'Real Sports with Bryant Gumbel' Looks at Last Year's KHL Plane Crash
Real Sports reports that KHL has recently been offering players huge contracts in order to rebuild Russia's reputation as a hockey powerhouse, but it has not looked after them.
While you look at photos of "what's left" after last year's Kontinental Hockey League's plane crash, Bernie Goldberg laments the tragedy and asks a question: "Why were some of the world's best hockey players on this plane in the first place?" Goldberg's segment for this week's Real Sports with Bryant Gumbel provides some possible answers. Initially focused through the story of Ruslan Salei, whose widow Bethann and their four-year-old hockey-playing son offer a glimpse at the consequences of KHL's bad decisions, the segment points out that the KHL has recently been offering players huge contracts in order to rebuild Russia's reputation as a hockey powerhouse. But it has not looked after them. Goldberg speaks with a Russian pilot now flying for a US carrier, former KHL coach Barry Smith, and a current player whose identity is obscured because he "fears retribution." All point to the atrocious conditions of the planes used for teams, old Soviet contraptions flown by undertrained pilots.

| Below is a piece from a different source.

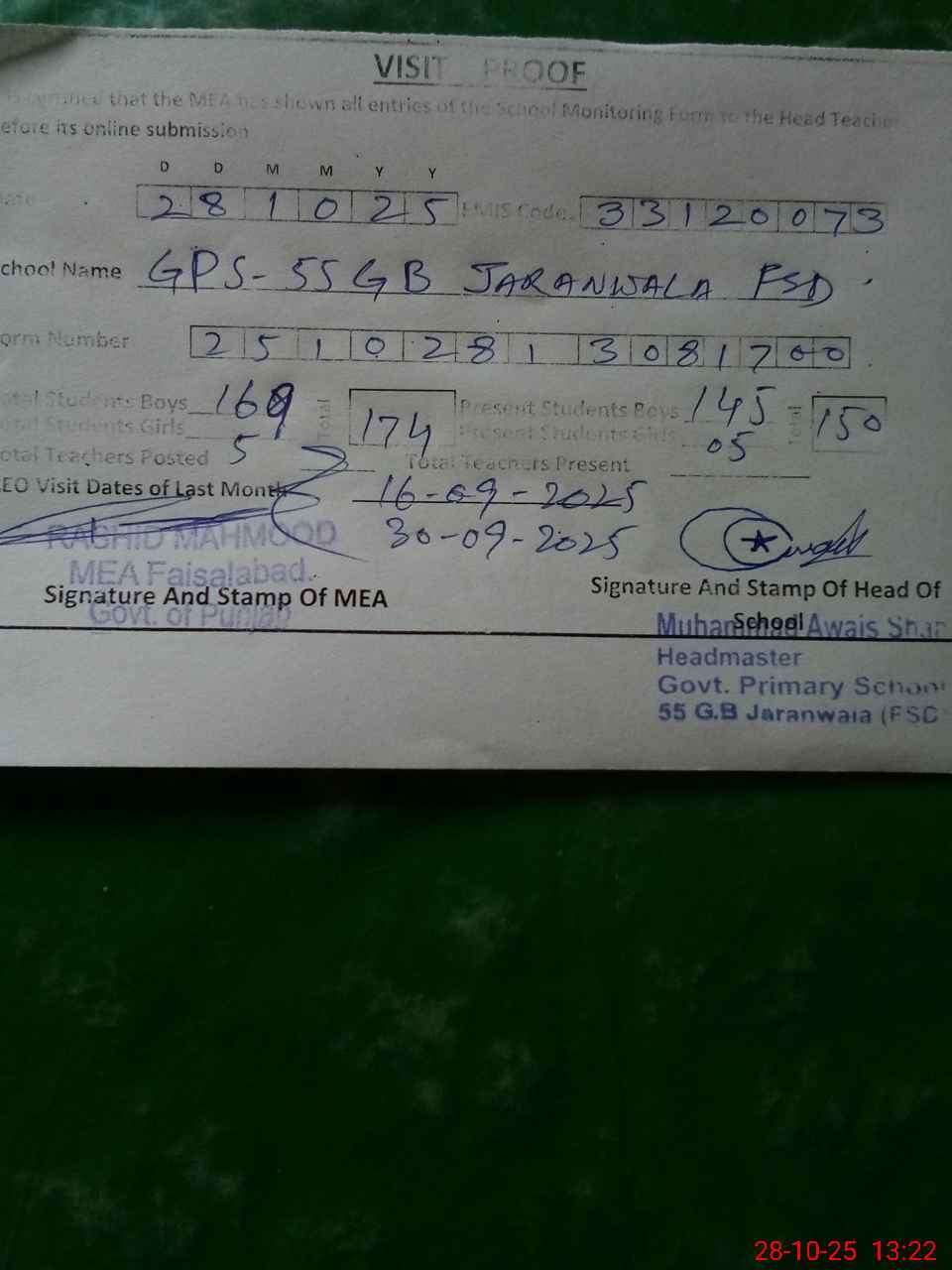 | EMIS Code: 33120073 | Name of School: GPS CHAK 55 GB JARANWALA FSD | |||
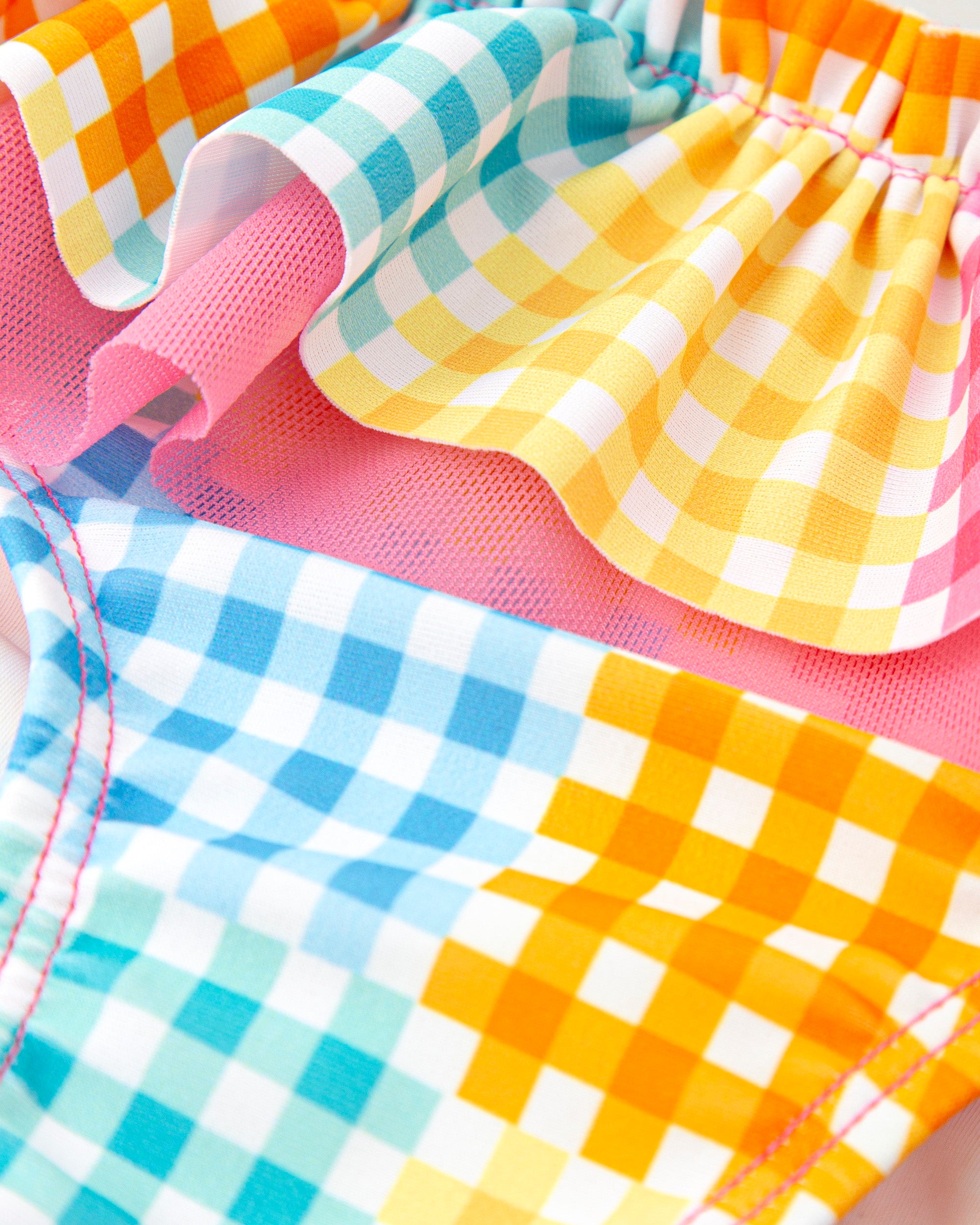 Colorful gingham panty with a ruffle at the top. Sizes range from 6M to 8A. These garments are not resistant to bleach or other chlorine bleach. Machine washable, but not exceeding 30°C. These garments are not ironable. This garment cannot be dry cleaned. Like all our garments, it has the AITEX quality certificate. COMPOSITION: PANTY: OUTER: POLYAMIDE 90% ELASTANE 10% LINING: POLYAMIDE 93% ELASTANE 7%

As further evidence of the KHL's everyday negligence and budget-cutting, Goldberg notes as well the death of 19-year-old Alexei Cherepanov in 2008. His "heart gave out during the middle of a KHL game," says Goldberg, a terrible event amplified by the fact that the league didn't have even the most rudimentary emergency equipment on hand -- not a stretcher, not a defibrillator -- and, not incidentally, Cherepanov had been receiving stimulants from the team doctors, despite his known heart condition. These incidents have led to changes in how the KHL does business, namely, the "Clean Ice" program or the decision taken by KHL after the interview with HBO to ensure that teams fly on "top tier, Western-made jets."
Goldberg's disturbing, utterly smart report is accompanied by profiles of base jumper Jeb Corliss and former super-agent Leigh Steinberg, whose career was derailed by drinking. "You were "depicted as boorish, unstable, abusive, out of touch with your clients, a drunk and, and a womanizer,” says reporter Armen Keteyian. “I mean, am I missing anything there that they said about you?” Steinberg tries to parse and undermine this list: "I also killed Christ," he doesn't quite smile, then insists he would never abuse his clients. But the segment leaves no question as to the costs of his addiction.